We presented a new handcrafted text-based feature generation model that could accurately discriminate between SARS-CoV-2 and Influenza-A. The novel Hamlet [33,34] Pattern is a local texture feature extractor with low time complexity, O n . IChi2 selected the most valuable 340 features among the 1280 features created with HamletPat, thereby effectively reducing the execution time. Using two validation techniques, these selected features were then classified using an SVM with a Gaussian kernel. The calculated confusion matrices according to the validation technique are shown in Figure 5.
The performance of our model for SARS-CoV-2 versus Influenza-A diagnosis is compared with another study in the literature that involved the binary classification of SARS-CoV-2 versus human immunodeficiency virus [9] in Table 3. The HamletPat-based model outperformed the other model on a larger dataset.
Table 3 shows that Afify and Zanaty [9] used a balanced protein sequence dataset with two classes, HIV and COVID-19. They achieved a 99.80% accuracy. We utilized an unbalanced dataset, and our classes are COVID-19 and Influenza-A (which have similar symptoms). Our proposal attained a 99.92% accuracy with a five-fold CV. Moreover, this model is the first text-based feature extractor generation methodology. The high classification capability of the features generated using HamletPat is clearly demonstrated. Moreover, we used a larger dataset than that of Afify and Zanaty’s [9]. This result demonstrates the robust feature generation ability of HamletPat.
Moreover, using the presented HamletPat-based classification model, a decision-support system was created. By incorporating the 340 features selected, the decision support-system could be implemented. A graphical representation of the decision tree (pruning level = 10) for basic decision support is demonstrated in Figure 6.
By only using these nine rules (see Figure 6), 96.84% classification accuracy was attained on the used dataset. These nine rules demonstrated the explainability of the proposed system. By using HamletPat, features were created. Hidden rules were extracted by deploying the created features and a decision tree. These rules were created using features 167, 127, 210, 324, 9, 1, 242, 8, and 17 (see Figure 6). The proposed HamletPat is useful for creating a cognitive model to detect COVID-19. Figure 6 shows that an explainable artificial intelligence (XAI) model was proposed in this work.
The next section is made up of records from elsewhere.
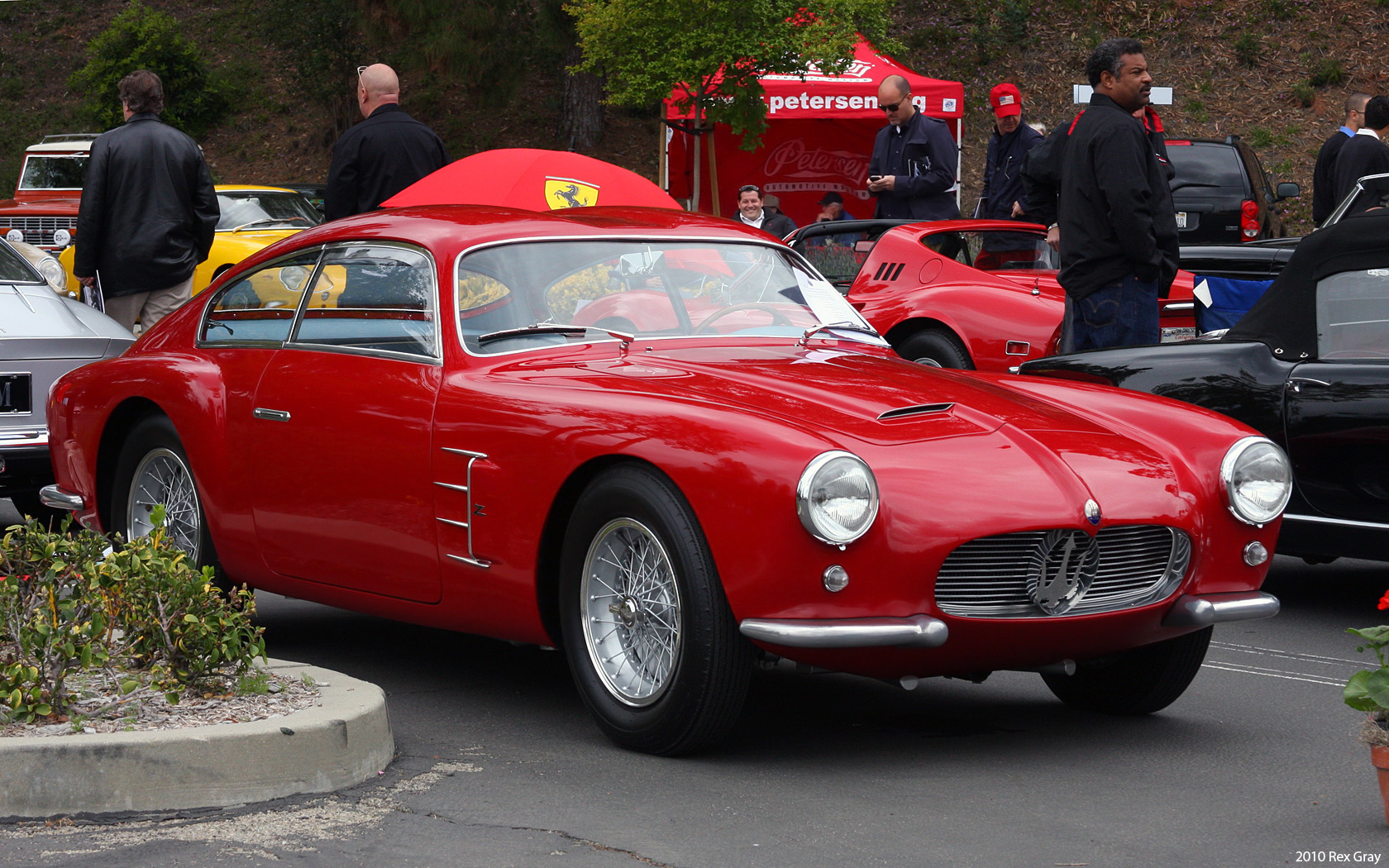 Greystone Mansion Inaugural Concours d'Elegance, April 11, 2010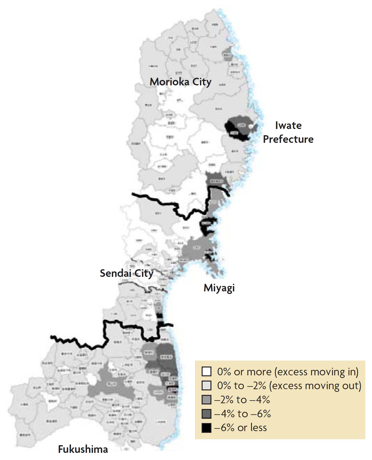 Source: International Recovery Platform, Yasuo Tanaka, Yoshimitsu Shiozaki, Akihiko Hokugo, Sofia Bettencourt: "Reconstruction Policy and Planning", in: Federica Ranghieri, Mikio Ishiwatari (editors): Learning from Megadisasters - Lessons from the Great East Japan Earthquake, World Bank Publications, Washington, DC, 2014, ISBN (paper): 978-1-4648-0153-2, ISBN (electronic): 978-1-4648-0154-9, Chapter 21, pp. 181-192, here: p. 187, "Map 21.2 Gap between people moving in and people moving out as a share of the population - Sources: Statistics Bureau, Ministry of Internal Affairs and Communications, and Minamisanriku Town"). License: Creative Commons Attribution CC BY 3.0 IGO. Context as given in the source as cited above: "According to government statistics, a large number of people moved out of the aff ected municipalities following the disaster. The gap between out-migrants and in-migrants relative to the total population in 2011 was particularly high for coastal municipalities— 9.4 percent in Minamisanriku, 8.9 percent in Yamamoto, and 8.5 percent in Otsuchi. That gap was also large among young people (less than 15 years old)— up to 14.6 percent in Minamisanriku and 13.2 percent in Onagawa, further raising concerns about the aging population. In Minamisanriku, some residents gave up rebuilding altogether due to lack of funds and planned to either leave town or move to public housing (figure 21.5 and map 21.2)."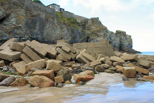 Remains of former harbour at Trevaunance Cove. Located on the west side of the bay, this harbour was built in 1798. It enabled the development of a pilchard fishery and the import and export of coal and ore. The harbour stood for 118 years but due to lack of maintenance was demolished in the storms of 1915/16. Many of the rectangular stones can be seen, but only one corner of the harbour is still standing.

We were able to create a decision-support system by using these rules (see Figure 6), and this decision-support system can be embedded in a card to develop an embedded system.
The MATLAB codes of the presented pattern generation are given in Appendix A (Table A1 and Table A2).
The advantages and disadvantages of the novel HamletPat-based protein sequence classification model are listed below.
Advantages:
  • Influenza and COVID-19 share similar symptoms, and clinical discrimination is difficult. Therefore, an automated protein-sequence-based model was developed to differentiate the disorders automatically.
  • To our knowledge, HamletPat is the first text-based pattern utilized to create a new feature extraction function.
  • The novel HamletPat-based classification model was trained on a two-class dataset and attained 99.87% and 99.92% accuracy rates by deploying a five-fold CV and hold-out (split ratio 75:25) CV, respectively.
  • The model is simple, it has a low time complexity of O n , and is easy to implement.
Limitations:
  • The model used overlapping blocks with a fixed length of 27. Therefore, the minimum length of the studied protein sequence should be 27 (we used a protein sequence with a length of 100 or greater in the study).
  • We used the SVM classifier with default hyperparameters in the study. The hyperparameters can be further optimized using a metaheuristic optimization model.

5. Conclusions

To discriminate between SARS-CoV-2 and Influenza-A infections, we developed a new automated detection model for the binary classification of protein sequences. The handcrafted classification model used a textual-based pattern to extract 1280 features. IChi2 was used to select the 340 most discriminative features, and an SVM was used for classification using two validation strategies, hold-out (75:25 split ratio) and five-fold CV, which attained 99.92% and 99.87% accuracy rates, respectively. These results suggest that the proposed model has discriminative utility for the binary classification of SARS-CoV-2 vs. Influenza-A on the basis of protein sequences.
Developments in personalized or precision medicine have grown apace in recent years, and medical understanding is evolving with the use of new technologies. As a result, computer-assisted algorithms have become increasingly more relevant and valuable. We hope that our new textual-based feature generation methodology can lend assistance in this regard, and that new-generation explainable artificial intelligence models can be built to aid clinicians [35]. For now, the salutary results of our lightweight, handcrafted classification model suggest that it can be applied as a useful adjunctive screening tool to discriminate between these two important viral respiratory conditions.

Author Contributions

Conceptualization, M.E., M.R.A., A.P.K., N.S., G.M.B., E.A., P.D.B., M.B., I.T., S.D., and T.T.; methodology, M.E., M.R.A., A.P.K., N.S., G.M.B., E.A., P.D.B., M.B., I.T., S.D., and T.T.; software, S.D., and TT.; validation, M.E., M.R.A., A.P.K., N.S., G.M.B., E.A., and P.D.B.; formal analysis, M.E., M.R.A., A.P.K., N.S., and G.M.B.; investigation, M.E., M.R.A., A.P.K., N.S., G.M.B., E.A., and P.D.B.; resources, M.E., M.R.A., A.P.K., N.S., G.M.B., E.A., P.D.B., M.B., I.T., S.D., and T.T.; data curation M.E., M.R.A., A.P.K., N.S., G.M.B., and E.A.; writing—original draft preparation, M.E., M.R.A., A.P.K., N.S., G.M.B., E.A., P.D.B., M.B., I.T., S.D., and T.T.; writing—review and editing, M.E., M.R.A., A.P.K., N.S., G.M.B., E.A., P.D.B., M.B., I.T., S.D., and T.T.; visualization, M.E., M.R.A., A.P.K., N.S., and G.M.B.; supervision, S.D., and T.T.; project administration, S.D., and T.T. All authors have read and agreed to the published version of the manuscript.

Funding

This research received no external funding.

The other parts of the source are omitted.